No Corey Haim in The Lost Boys 2: The Tribe? Boo! I know, enough with the two Coreys, already. This back-and-forth has been going on long enough. It was announced this week that Haim definitely wont be in The Lost Boys 2: The Tribe, even though both Corey Feldman and Jamison Newlander are reprising their roles. What gives? Haim says its Feldman's fault. We've heard that it has to do with his work Visa. Which is weird. I thought he had duel citizenship, seeing as how he is from Canada and the film is currently shooting in Vancouver. Who knows anymore? But I still care. Haim is my favorite out of the two Coreys, and I'd be less depressed if Feldman was the one who had to drop out. I'll still buy the movie though, which is not, as once reported, going to theaters. I think the Frog Brothers are one of the best comedic duos to come out of the 80s. I just wish they could have found a way to bring Sam Emerson with them. Those fuckers. Excuse me while I go stroke my Rob Lowe poster (The Lost Boys enthusiasts know what I'm talking about).

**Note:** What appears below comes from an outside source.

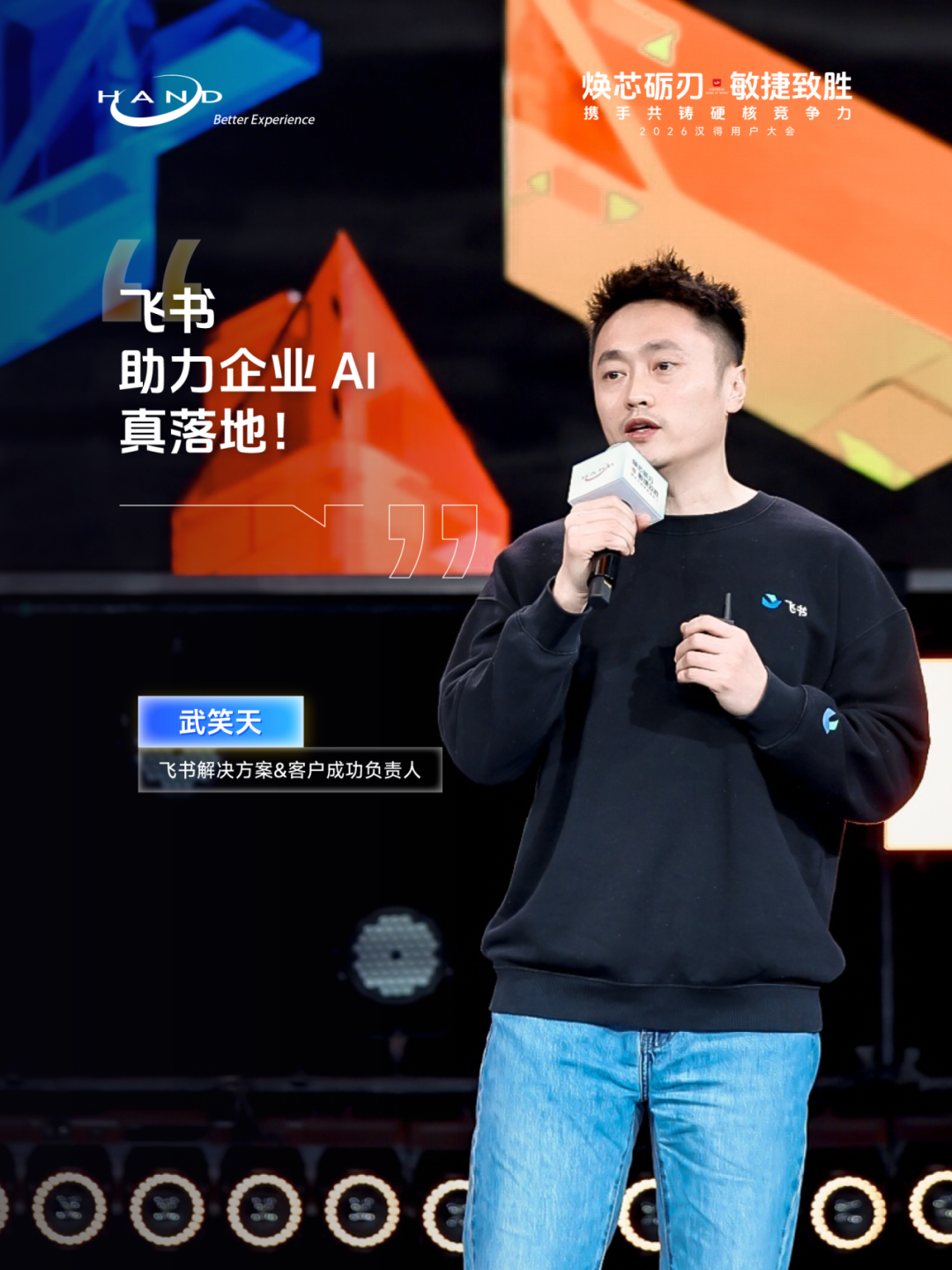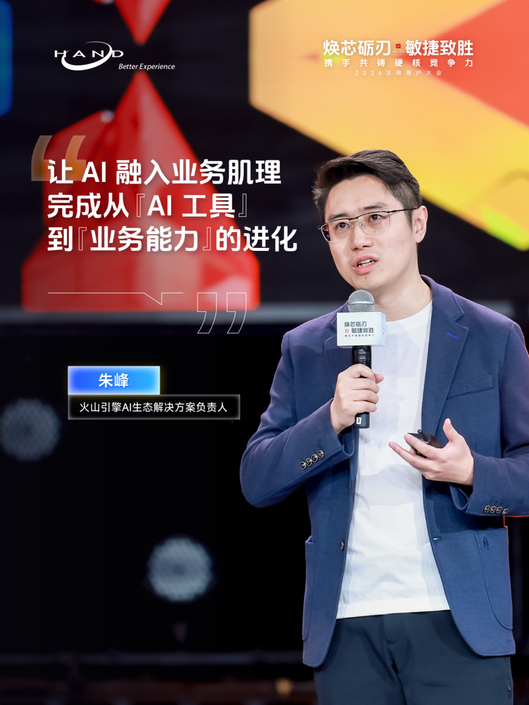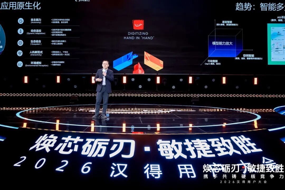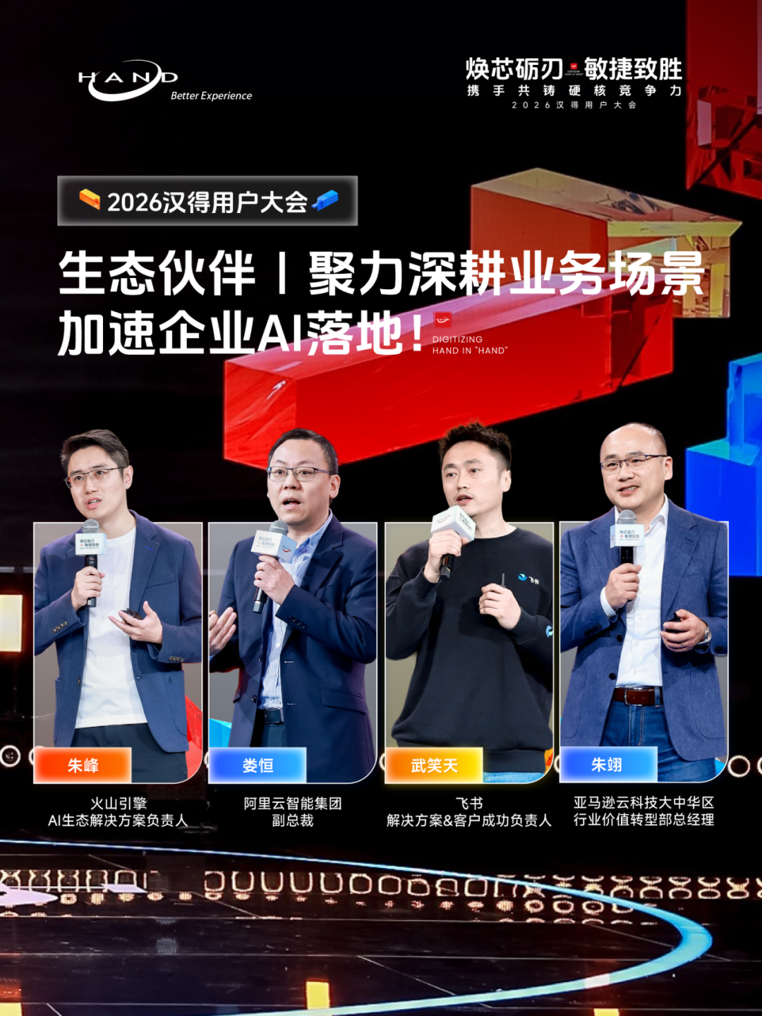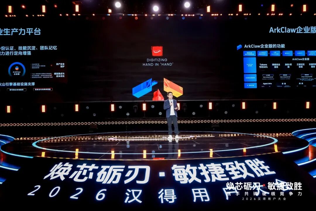2026汉得用户大会现场,来自火山引擎、阿里云、飞书、亚马逊云科技等全球领先科技生态伙伴,也分别从各自的专业领域出发,深入探讨 AI 如何重塑企业级应用范式,以及与汉得携手打造的 AI 联合解决方案。 火山引擎助力 AI 云上增长 Enterprise AI 的应用重塑机遇 火山引擎厂商& AI 生态解决方案负责人朱峰发表题为《火山引擎助力 AI 云上增长、Enterprise AI 的应用重塑机遇》主题演讲,聚焦大模型从技术风口迈向产业深水区的行业趋势,分享 AI 技术实践与企业级解决方案,以及火山引擎与汉得的联合共创成果。 朱峰指出,当前 AI 领域两大热点正重塑行业认知与生产力格局。其一,火山引擎春节前发布的Seedance 2.0 模型,将 AI 视频生成能力提升至工业级应用水准,有效解决场景一致性、大幅运动等行业难题。其二,Openclaw 的爆发式增长,彻底改变了大众对 AI 的认知。AI 不仅仅是问答、闲聊、搜索、写代码,而是具备可自主决策长时间执行任务的智能体,这个认知改变加速了 AI 进入企业生产力提效的实质性应用。但与此同时,AI 在企业级应用中,也暴露出身份安全、记忆错乱、任务中断、数据备份缺失等痛点,其中安全问题尤为关键,更是企业落地 AI 的核心考量。 火山引擎推出的 ArkClaw 企业版,围绕企业安全,身份认证,技能沉淀、团队记忆,以及协同办公等能力进行定向增强,解决 AI 落地过程中的确定性与安全性问题,同时配备专业团队维护企业级 Skills,让 AI 应用更可靠、更高效。 朱峰强调,AI 在研发领域的应用已成为数字员工落地的核心场景。而面对“AI 是否会替代程序员”的行业焦虑,他提出,相比纠结替代问题,更应聚焦“如何让人类更好地使用 AI”:从广度上,让财务、运营等非技术人员通过意图交互等方式参与到编程上下游环节,实现全民创新;从高度上,借助 AI 能力让初级程序员也能解决分布式系统、底层内核优化等资深架构师级别的硬核问题,提升整体行业技术水平。 朱峰表示,企业 AI 落地并非单纯搭建智能体,还需要火山引擎这样的技术厂商与汉得这样的专业伙伴深度协同。 过去几年,火山引擎跟汉得一起在多个领域深度合作,例如在零售行业,双方联合打造面向零售行业的“AI 品牌玩伴”解决方案,它不仅能拟人化地解答用户疑问,还能精准推荐商品与活动,更是品牌面客的前置智能客户服务专员,能够深度洞察消费者需求,构建品牌与用户之间的互动桥梁,助力企业实现营销提效与渠道数智化转型。 面向未来,火山引擎将与汉得持续深化合作,充分发挥各自技术与行业落地优势,实现 1+1>2 的协同效应,携手为更多行业打造有价值的 AI 解决方案,共同助力企业把握 AI 机遇,实现数智升级! 阿里云全栈 AI 战略实践 全面助力产业智能化加速 阿里云智能集团副总裁娄恒发表题为《阿里云全栈 AI 战略实践,全面助力产业智能化加速》主题演讲,全面介绍了阿里云与汉得当前聚焦企业全栈 AI 服务展开的联合共创成果。 娄恒指出,AI 技术正实现多维度突破,大模型从语言智能向空间、行动智能全方位拓展,企业 AI 应用也从传统 Agent 向 AI 原生应用升级,成为落地核心方向。 针对企业 AI 落地痛点,娄恒直言当前个人 AI 工具落地效果显著,但企业级 AI 落地普遍困难,技术仅能解决 20%-30% 的问题,更多取决于企业人才、组织机制、数据治理、业务流程适配等配套能力,并非单纯采购工具即可实现。对此,娄恒提出战略先行、场景为王、工程赋能三大破局关键。 为推动场景从规划走向落地,娄恒介绍道,阿里云联合汉得打造 AI 创新落地工作坊机制,通过 1-3 天的沉浸式共创,完成 AI 共识建立、场景梳理、场景验证、流程推演、快速原型搭建与业务端 UAT 验证,推动业务、科技与合作方形成共识,实现从架构设计到场景落地的全流程验证。 阿里云正以全栈式能力为企业 AI 落地提供全方位支撑,不仅提供算力、云基础设施、大模型、PaaS 平台、Agent 平台等底层能力,还打造了丰富的云上 SaaS 应用,解决企业数据合规问题,同时为出海企业提供一站式的海外 SAP、Salesforce 对接服务,并推动 ERP 等传统业务系统的 AI 化改造,实现与千问大模型的深度集成。 他强调,基于多年的深度合作,阿里云与汉得已共同打造 AI 端到端全栈联合解决方案:阿里云提供底层多元化算力、云上部署环境与全栈基础模型能力,汉得贡献深厚的行业顾问人才储备和丰富的企业端应用实践,共同为用户提供完整的 AI 落地方法论,并依托千问大模型与汉得 H-ZERO 企业级 PaaS 平台,为企业打造 AI 基座,通过“产品+实施”的深度融合,构建深耕行业场景的智能应用,阿里云与汉得将共同加速推动千行百业的智能化与国际化进程。 未来,阿里云将持续发挥技术与生态优势,与汉得深化合作,从战略规划、场景筛选到工程落地为企业提供全流程支持,破解企业 AI 落地的各类难题,助力企业真正实现 AI 的规模化落地与价值释放! 从工具到伙伴 AI Agent 时代的企业新范式 飞书解决方案 & 客户成功负责人武笑天发表题为《从工具到伙伴:AI Agent 时代的企业新范式》主题演讲,聚焦 AI Agent 时代企业发展新范式,解析飞书从协作工具到企业 AI 伙伴的进化之路。 谈及 AI 技术的企业级演进,武笑天表示,当前大模型已正式迈入企业级可用范畴,但 AI 要真正为企业创造价值,仍需结合实际场景持续探索实践。飞书也始终与客户一起,在 AI 落

New Titles for Cloverfield? Boo! Monstrous. Wreck. Yum. Rampage. Smash. Debris. "Aaaahhhh!" This is Japan's Fault. Godzilla Returns Again. Feet. Riot. Monster Storm. Run Amok. Berserker. Fiend Gone Wild. Holy Shit. Town Crasher. Demolished. Destroyed. Breakers. Crushed. Crushproof. Crusado. The Monster Squad 2. Slusho. Slusho's Revenge. Squeezed. Big Hands. Squash. Mashy Mashy. Flesh Mush. Pounder. Crimson City. Blood Flood. The People Mover. Town Farter. Fuck This Movie. No, Really...
Baby Berry? Whoop-doo!
Halle Berry is Pregnant? Whoop-doo! And that's all I have to say about that! Congratulations. Now keep that kid out of the trash rags. And knock some of that dust of your smacker so the kid doesn't choke on the way out.
I'll see you fools later. And remember, Party, Saturday Night, Mantooth's house. You have to be dressed as a superhero to get in.